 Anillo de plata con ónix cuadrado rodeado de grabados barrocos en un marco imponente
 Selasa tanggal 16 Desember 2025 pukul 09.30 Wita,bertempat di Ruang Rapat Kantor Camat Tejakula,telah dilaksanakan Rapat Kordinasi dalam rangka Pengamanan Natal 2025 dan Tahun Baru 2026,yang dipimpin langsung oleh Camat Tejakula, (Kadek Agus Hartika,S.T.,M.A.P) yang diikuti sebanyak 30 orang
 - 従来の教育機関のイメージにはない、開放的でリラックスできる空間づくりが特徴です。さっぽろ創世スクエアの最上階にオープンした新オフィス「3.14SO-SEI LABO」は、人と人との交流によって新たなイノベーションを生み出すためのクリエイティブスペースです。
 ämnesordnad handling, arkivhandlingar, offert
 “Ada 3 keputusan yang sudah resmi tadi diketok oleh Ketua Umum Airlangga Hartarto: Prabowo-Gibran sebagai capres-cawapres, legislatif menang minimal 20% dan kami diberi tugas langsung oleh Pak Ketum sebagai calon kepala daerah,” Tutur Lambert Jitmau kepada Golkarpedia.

====

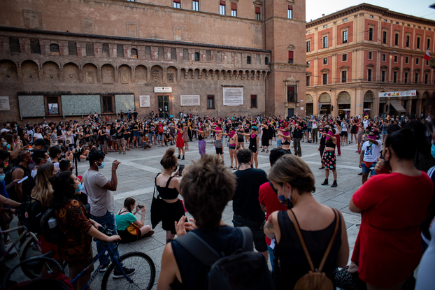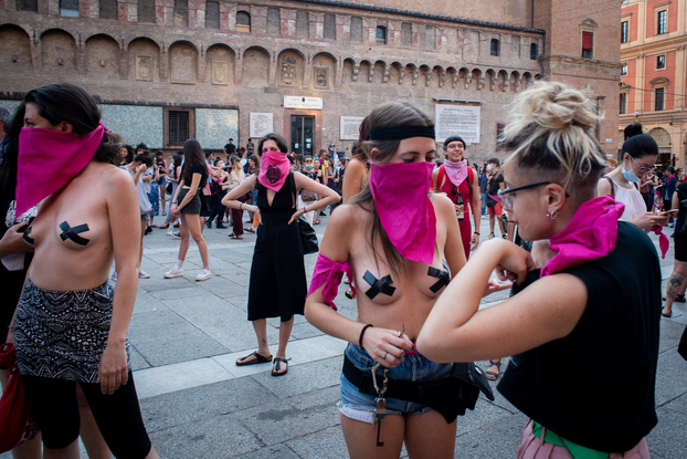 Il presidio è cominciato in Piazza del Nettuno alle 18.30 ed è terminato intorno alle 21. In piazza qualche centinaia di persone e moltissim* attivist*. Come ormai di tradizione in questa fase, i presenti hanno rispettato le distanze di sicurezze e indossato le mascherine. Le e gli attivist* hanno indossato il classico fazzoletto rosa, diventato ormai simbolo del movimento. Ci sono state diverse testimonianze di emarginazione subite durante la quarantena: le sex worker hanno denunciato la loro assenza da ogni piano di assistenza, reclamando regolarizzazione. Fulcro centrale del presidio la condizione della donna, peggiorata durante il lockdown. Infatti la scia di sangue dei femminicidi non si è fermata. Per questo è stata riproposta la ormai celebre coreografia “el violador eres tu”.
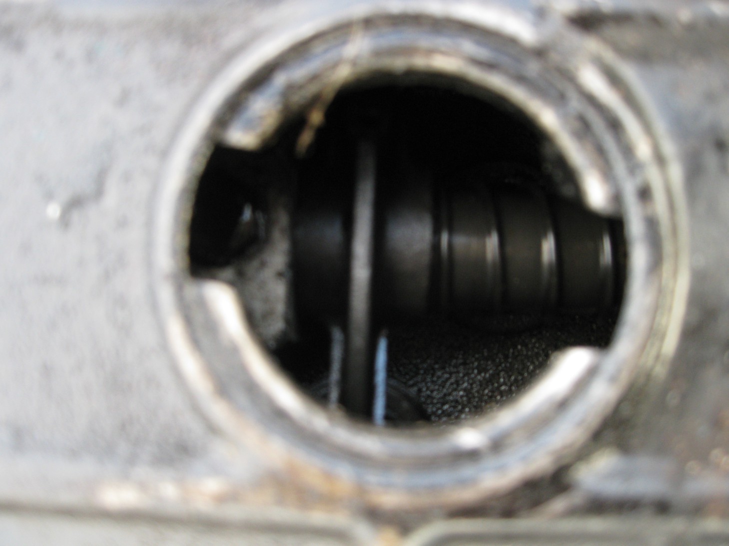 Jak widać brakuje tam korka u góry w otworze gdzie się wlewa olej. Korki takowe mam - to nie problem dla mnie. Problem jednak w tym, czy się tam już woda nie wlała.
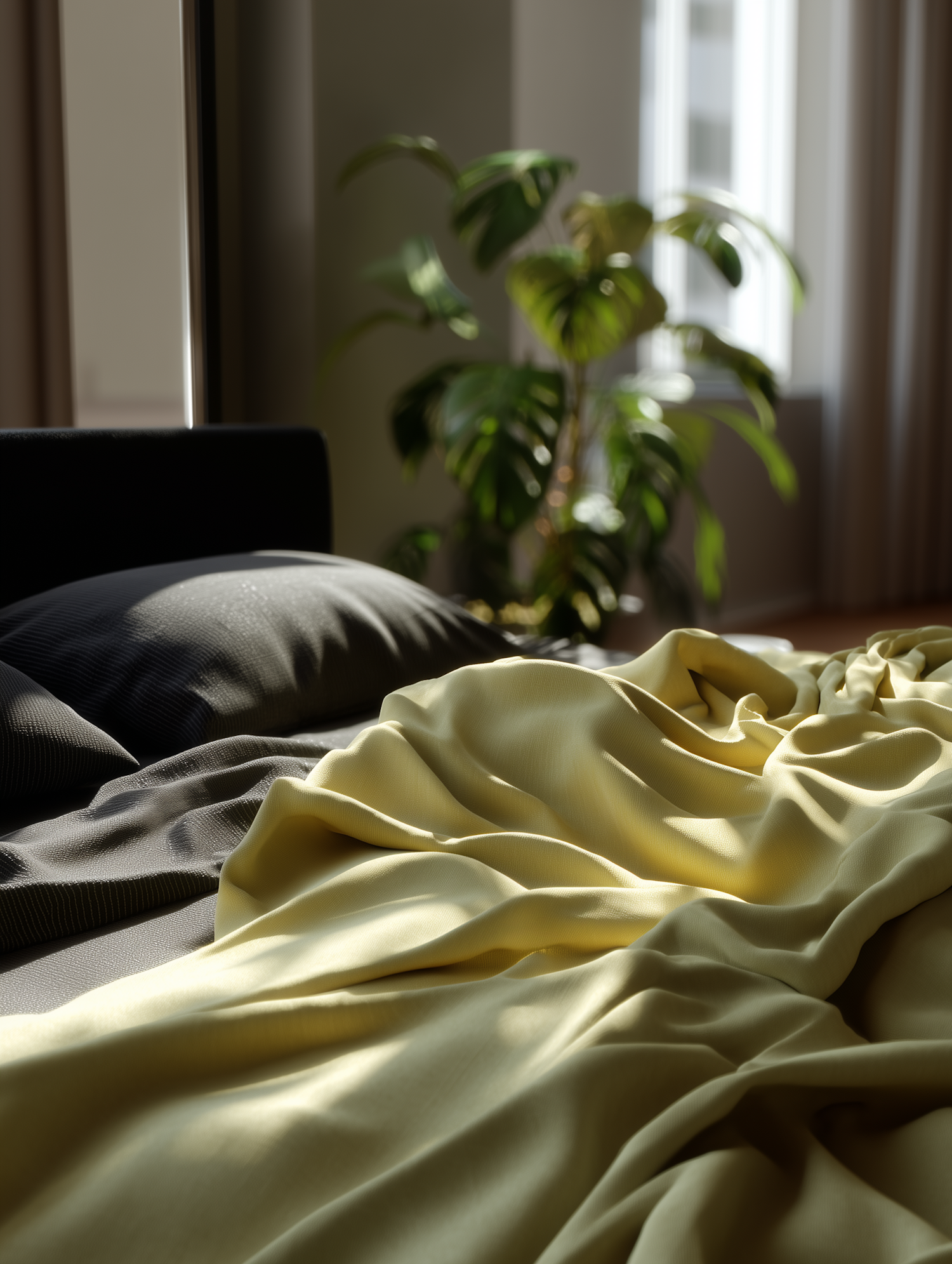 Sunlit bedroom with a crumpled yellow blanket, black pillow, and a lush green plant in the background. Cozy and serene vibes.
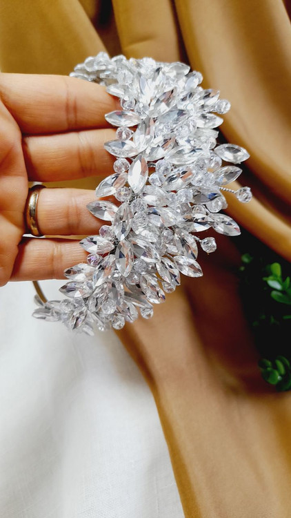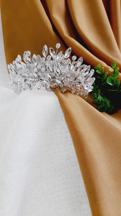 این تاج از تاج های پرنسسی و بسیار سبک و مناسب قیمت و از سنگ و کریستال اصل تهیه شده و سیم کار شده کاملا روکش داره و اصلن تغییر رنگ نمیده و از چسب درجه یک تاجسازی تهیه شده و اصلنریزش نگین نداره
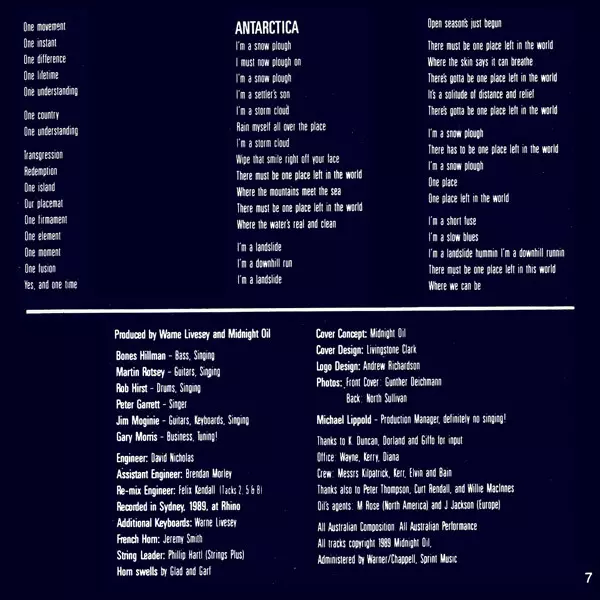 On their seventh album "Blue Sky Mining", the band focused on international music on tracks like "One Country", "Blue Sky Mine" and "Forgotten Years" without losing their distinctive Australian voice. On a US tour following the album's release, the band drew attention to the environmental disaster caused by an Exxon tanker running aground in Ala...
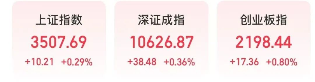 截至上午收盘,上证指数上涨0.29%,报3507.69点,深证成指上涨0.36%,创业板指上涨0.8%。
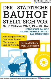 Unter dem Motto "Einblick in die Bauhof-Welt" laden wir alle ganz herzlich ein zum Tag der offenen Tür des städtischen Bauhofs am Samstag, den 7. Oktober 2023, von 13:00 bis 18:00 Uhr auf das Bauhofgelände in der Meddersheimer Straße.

====

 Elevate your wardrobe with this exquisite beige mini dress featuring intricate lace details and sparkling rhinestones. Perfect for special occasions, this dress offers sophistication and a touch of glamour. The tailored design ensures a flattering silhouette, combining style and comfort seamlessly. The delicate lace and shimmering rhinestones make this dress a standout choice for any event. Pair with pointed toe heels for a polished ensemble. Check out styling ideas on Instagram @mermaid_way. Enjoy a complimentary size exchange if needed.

====

**Task brief**
Restate word for word only the lines above from the line containing "Anillo de plata" to the line containing "Selasa tanggal 16", both of them included.

**Solution**
 Anillo de plata con ónix cuadrado rodeado de grabados barrocos en un marco imponente
 Selasa tanggal 16 Desember 2025 pukul 09.30 Wita,bertempat di Ruang Rapat Kantor Camat Tejakula,telah dilaksanakan Rapat Kordinasi dalam rangka Pengamanan Natal 2025 dan Tahun Baru 2026,yang dipimpin langsung oleh Camat Tejakula, (Kadek Agus Hartika,S.T.,M.A.P) yang diikuti sebanyak 30 orang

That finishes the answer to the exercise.